Complex II from Plant Mitochondria Contains Seven Subunits

The newly discovered 150-kD complex of Arabidopsis comprises seven subunits of 65, 28, 18, 15, 12, 8, and 6 kD. In bean and potato, this complex has a very comparable subunit composition, except that the molecular masses of the three smallest subunits slightly vary (Fig. 4). To identify the 150-kD complex, subunits were subjected to analysis by mass spectrometry. Peptide sequences of five of the seven subunits allowed identification of corresponding genes of the Arabidopsis genome (Fig. 6; Table I). Surprisingly the 65-, 28-, and 12-kD proteins could be identified as being subunits of the succinate dehydrogenase complex (complex II) of the respiratory chain: the flavoprotein subunit (SDH1), the iron-sulfur subunit (SDH2), and the so-called subunit III (SDH3).
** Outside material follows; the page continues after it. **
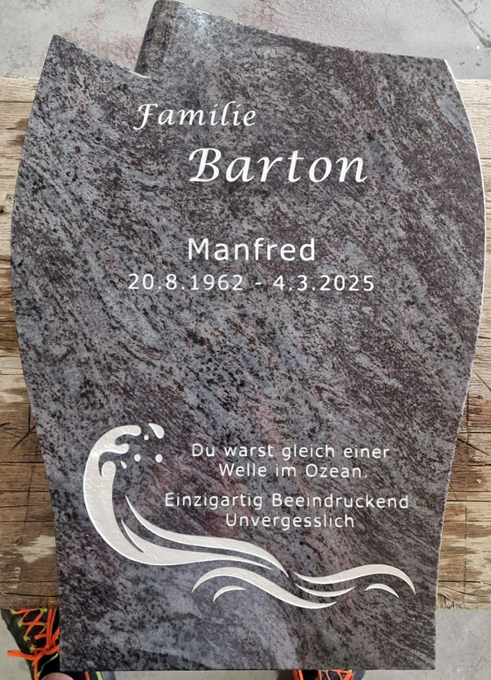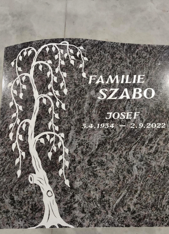 Wir fertigen Gravuren mit höchster Genauigkeit. Ob klassisch oder modern, jede Schrift wird nach Ihren Wünschen umgesetzt und sorgfältig in den Stein eingearbeitet. Auch Symbole oder Ornamente können integriert werden, um die Bedeutung zu verstärken.

Succinate dehydrogenase is well characterized for several bacteria, fungi, and mammals and is known to be a four-subunit complex comprising the above mentioned subunits and one additional subunit in the size range of 10 to 15 kD termed subunit IV or SDH4 (Lemire and Oyedotun, 2002; Yankovskaya et al., 2003). Although the subunits of this protein complex from plants were never biochemically characterized, counterparts of the SDH1-SDH4 proteins could be identified on the basis of sequence similarities of predicted proteins with known complex II subunits from mammals, fungi, algae, and protozoans (Daignan-Fornier et al., 1994; Burger et al., 1996; Figueroa et al., 2001; Figueroa et al., 2002). However, sequence identities for the SDH3 and SDH4 proteins, which constitute a hydrophobic membrane anchor of this protein complex, are very low (Burger et al., 1996). Most interestingly, complex II from plants seems to contain additional subunits of unknown function. The 18-kD protein corresponds to the putative At1g47420 protein of Arabidopsis, which was identified previously in the course of a proteomic approach to characterize novel mitochondrial proteins of this organisms (Kruft et al., 2001; protein No 4). Furthermore, the 15-kD protein represents the putative At1g08480 protein. However, presence of this protein within complex II is slightly uncertain, because one of the three identified peptides perfectly matches to Arabidopsis cytochrome c. Hence the corresponding protein spot contains more than one protein. The 8- and 6-kD subunits could not be identified by mass spectrometry; one of these subunits might represent the SDH4 protein.

Figure 6.

Figure 6.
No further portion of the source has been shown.